The diabetic diet I followed (and still mostly follow) is 2 or 3 “carb units” per meal, 3 times a day. Each carb unit is 15g of carbs. Start looking at labels. If you balance it out with reasonable portions of protein you can lose weight. I’ll warn you in advance it requires some willpower. It’s all about portion control, mostly. If you want a snack later, you have to save a carb from one of your meals. In other words, you can have 2 carbs at dinner and have your third carb for a snack later. Ate 3 carbs at dinner? You’re screwed. No snack for you.
A slice of bread is one carb unit. Fruits and veggies aren’t necessarily your friend. They often contain sugar and have to be counted as a carb unit. A potato is two or three carb units depending on how big it is. A scoop of rice (enough for a side dish) is one carb unit.
There are a lot of 100 calorie snack packs. They aren’t like eating real snacks. Sure you get a bunch of cookies, but they are all miniature teeny tiny cookies. But that’s all you can have.
It sounds like your doctor didn’t explain diabetes very well to you. Your cells have insulin receptors on them, which is how the body regulates your blood sugar. If there is too much sugar, then your body produces more insulin. This is produced in special cells in your pancreas. If you eat a lot of sugary foods, the cells have to work harder, which strains them, and after years of abuse they will start to die off. The thing about these cells is that they don’t regrow. If you kill them, they are gone forever.
Being overweight clogs up the insulin receptors in your cells with fat, which means that the body has to produce more insulin to regulate your sugar, further straining those cells in your pancreas. If you lose weight, then you’ll get rid of the fat that’s blocking the insulin receptors, and even though you may have already damaged your pancreas a bit, it may be able to produce enough insulin to regulate everything properly. So you can kinda “cure” your diabetes by losing weight, sometimes. It’s not really a cure, though. It’s more that you have managed your diabetes to the point where you don’t need medicine and don’t need to worry about it. The damage to your pancreas is permanent and still there.
So losing weight is very important.
You are probably at the beginning stages of type II diabetes, which means that if you lose weight and watch what you eat, there’s a good chance you haven’t done too much damage to your pancreas and you won’t need meds or anything later.

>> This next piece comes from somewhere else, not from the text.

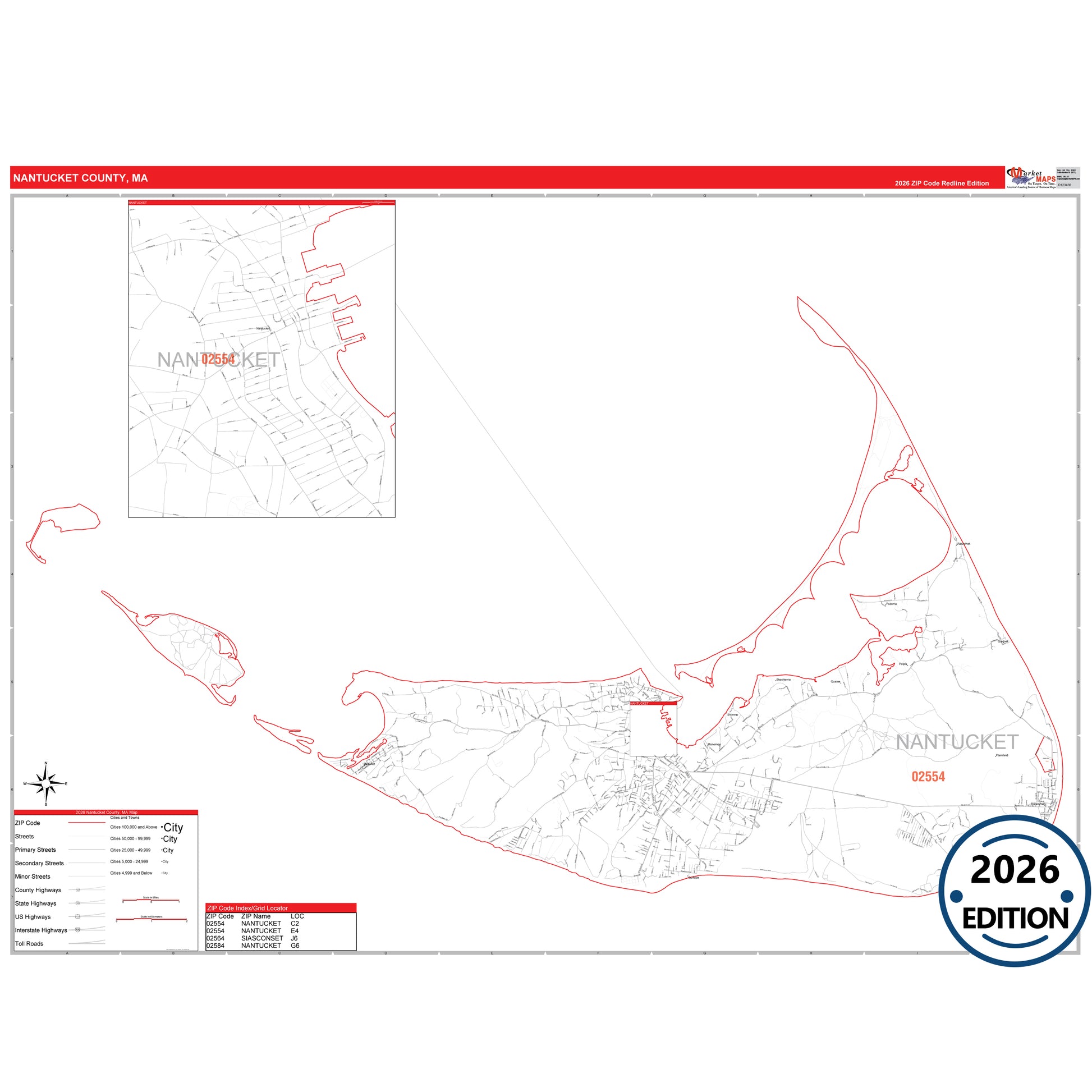 The RedLine Style map of Nantucket County, MA shows ZIP code areas overlaid on a detailed road network of Nantucket County, Massachusetts. Ideal for drawing locations, territories, and other applications. Base map features include all major streets and highways labeled, cities and towns, county and state boundaries, neighborhood names, railroads, and a clean white background suitable for marking and planning.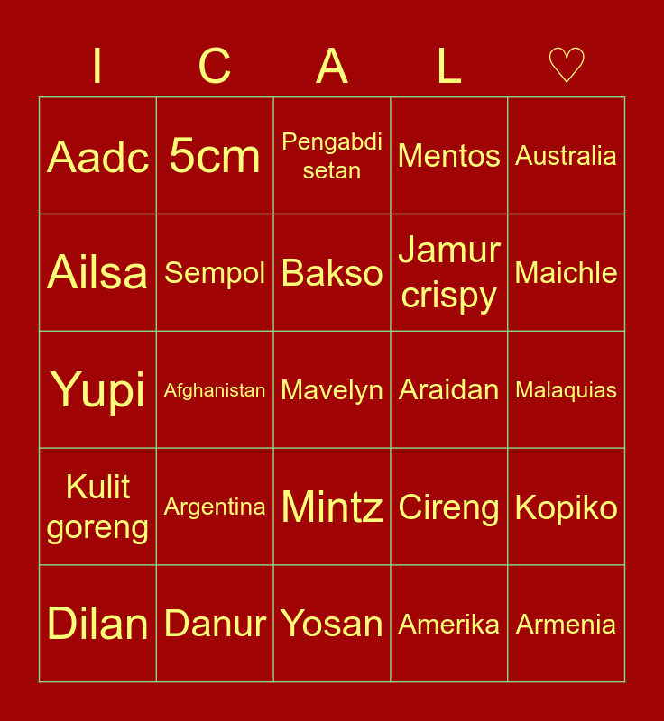 This bingo card has 25 words: Argentina, Yosan, Bakso, Dilan, Australia, Aadc, Ailsa, 5cm, Araidan, Mintz, Jamur crispy, Yupi, Cireng, Kopiko, Sempol, Armenia, Malaquias, Pengabdi setan, Maichle, Afghanistan, Mavelyn, Danur, Kulit goreng, Mentos and Amerika.

If you don’t lose weight and don’t watch what you eat, you’ll do even more damage to your pancreas and then you’ll end up on meds for the rest of your life.
Count carbs and don’t go excessive on other foods to make up for it, and you can lose weight. Don’t worry so much about fat content of nuts and stuff like that. Focus on the carbs. You don’t have to be anal about getting the exact total grams right. If you round to the nearest carb unit that’s usually good enough. Eat well rounded meals with the right carb amounts and you’ll be fine.
ETA:
One other thing. Keep moving. That helps burn off calories and reduces your blood sugar which means your pancreas doesn’t have to work as hard. Walk a lot. You don’t need to start jogging or go extreme on the exercise. Just walk around a lot. Move around a lot while you are sitting at your desk. It all helps.